Napoleon en William Pitt verdelen de wereld alsof het een plumpudding is
  • plum·pud·ding
  • Leenwoord uit het Engels, in de betekenis van ‘soort pudding’ voor het eerst aangetroffen in 1746 [1]
  • uit het Engels [2]
enkelvoud meervoud
naamwoord plumpudding plumpuddingen
verkleinwoord

de plumpuddingm [3]

  1. (voeding) een uit Engeland afkomstige pudding die men met kerstmis eet bestaande uit gekonfijt fruit, rozijnen en krenten
    • Kerst zonder plumpudding is voor Engelsen geen Kerst. Het machtige gerecht - goed voor een volle maag van de working class - stamt al uit de 17de eeuw. Charles Dickens schreef erover. „Als je alle kliekjes mengt met gedroogd fruit wordt het vanzelf lekker.” Er ligt nu ook een moderne versie in de supermarkt. [4] 

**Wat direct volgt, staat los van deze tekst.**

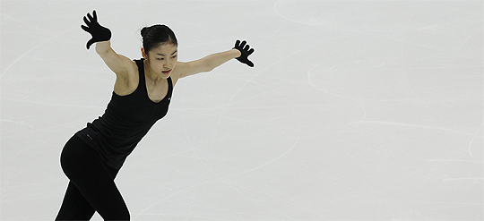 모스크바 세계선수권대회에 출전하는 김연아가 25일 새벽(한국시간) 러시아 모스크바 메가스포츠 아레나에서 쇼트 프로그램 '지젤' 을 연습하고 있다.
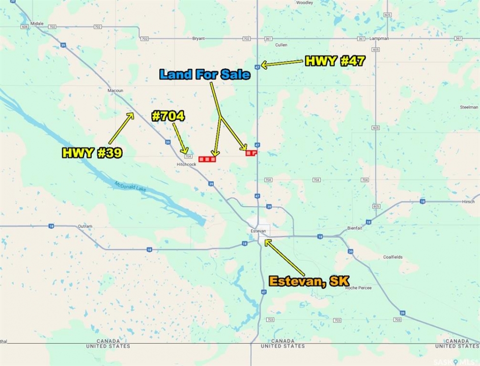 An exceptional opportunity to acquire 765 acres of highly productive farmland ideally located just outside the city of Estevan, Saskatchewan in the RM of Estevan #5. This land offers excellent accessibility and exposure along the 704 Grid, strategically positioned between Highways 47 and 39, with frontage along Highway 47. All five parcels have three phase power lines along the perimeters. The property is divided into two main blocks. Block 1: 473 contiguous acres running east–west, including a half section that can be farmed as a single field, with a grid road separating the third quarter. Block 2: 292 contiguous acres situated at the junction of Highway 47 and the 704 Grid. The acreage in the southeast corner of the SE 27-3-8 W2 is not owned by the seller and is not included. Land Details: According to SAMA Field Sheets, the land features approximately 663 cultivated acres with a soil final rating weighted average of 52.08. Topography is rated T1 (level to nearly level) and stones S2 (slight). Saskatchewan Crop Insurance classifications include three “H” quarters and two “J” quarters, reflecting strong productive capacity across the farm. Occupancy: The land is available to be farmed by the Buyer for the 2026 crop year, with no right of refusal in place. Sale Structure: Four quarters are being sold by way of share sale (NW 24-3-9 W2, NE 24-3-9 W2, NW 19-3-8 W2, Pt SE 27-3-8 W2 Ext 1), while one quarter will be sold by title transfer (SW 27-3-8 W2). While the owners preference is for the sale of shares for the four quarters they will also consider offers for the titles (non-share sale).

  • als een (plum)pudding in elkaar zakken
zo in elkaar zakken dat er niets meer van overblijft
  • Kandidaat Marcel moest wijken, maar het meeste medelijden wekte Manuela op met haar dramatische handgevormde pie. Als een plumpudding zakte het deegbakje in de oven ineen en alle vulling - kip, spek en abrikozen - lag naast een zielig hoopje deeg. "Dit wordt helemaal niks, dramatisch!", constateerde Manuela, die ook bij de eerste opdracht uit de bocht was gevlogen.[5]